DSTEELNet: A Real-Time Parallel Dilated CNN with Atrous Spatial Pyramid Pooling for Detecting and Classifying Defects in Surface Steel Strips

Sensors (Basel). 2023 Jan 3;23(1):544. doi: 10.3390/s23010544.

Abstract

Automatic defects inspection and classification demonstrate significant importance in improving quality in the steel industry. This paper proposed and developed DSTEELNet convolution neural network (CNN) architecture to improve detection accuracy and the required time to detect defects in surface steel strips. DSTEELNet includes three parallel stacks of convolution blocks with atrous spatial pyramid pooling. Each convolution block used a different dilation rate that expands the receptive fields, increases the feature resolutions and covers square regions of input 2D image without any holes or missing edges and without increases in computations.
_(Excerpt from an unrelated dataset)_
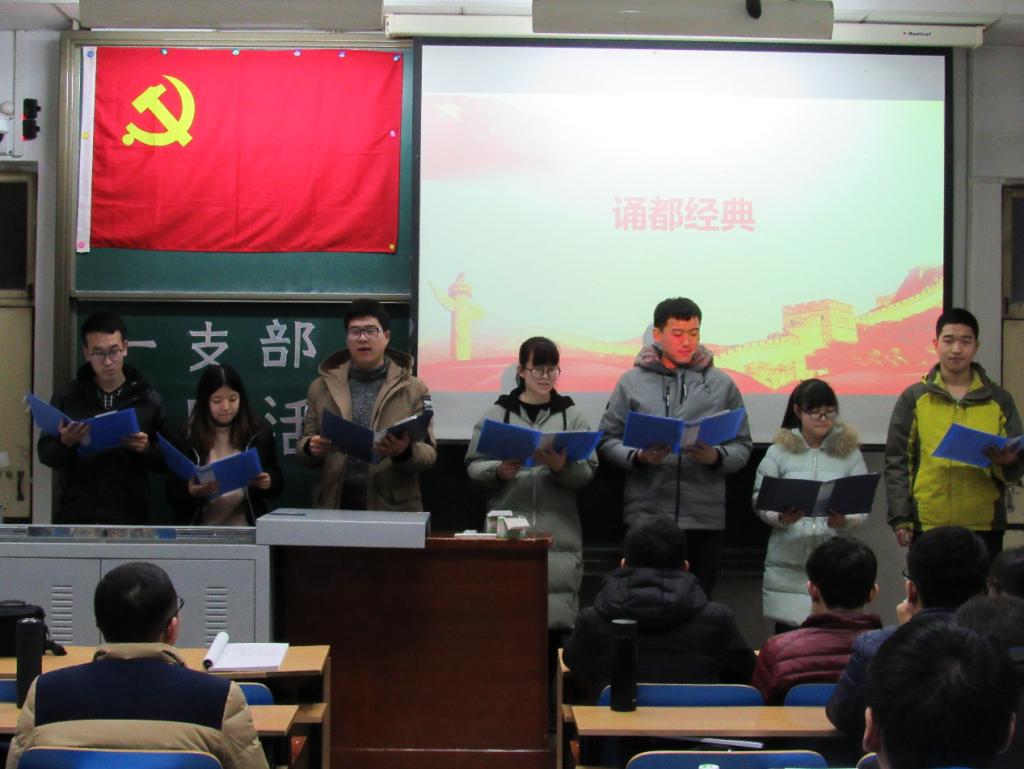 接下来李炬晨、董莹、靳亚男等同志为大家诵读经典:《诵红船》,使大家在激情澎湃的朗诵中体会了红船精神的伟大。朗诵过后进入知识竞答环节,这个环节由必答题、抢答题、论述题三部分组成。经过三轮的角逐后,第一小组脱颖而出,获得了冠军,由支部书记高幸华同志为他们颁奖并合影。

This work illustrates the performance of DSTEELNet with a different number of parallel stacks and a different order of dilation rates. The experimental results indicate significant improvements in accuracy and illustrate that the DSTEELNet achieves of 97% mAP in detecting defects in surface steel strips on the augmented dataset GNEU and Severstal datasets and is able to detect defects in a single image in 23ms.

Keywords: computer vision; convolution neural network; defect classification; defect detection; parallel processing.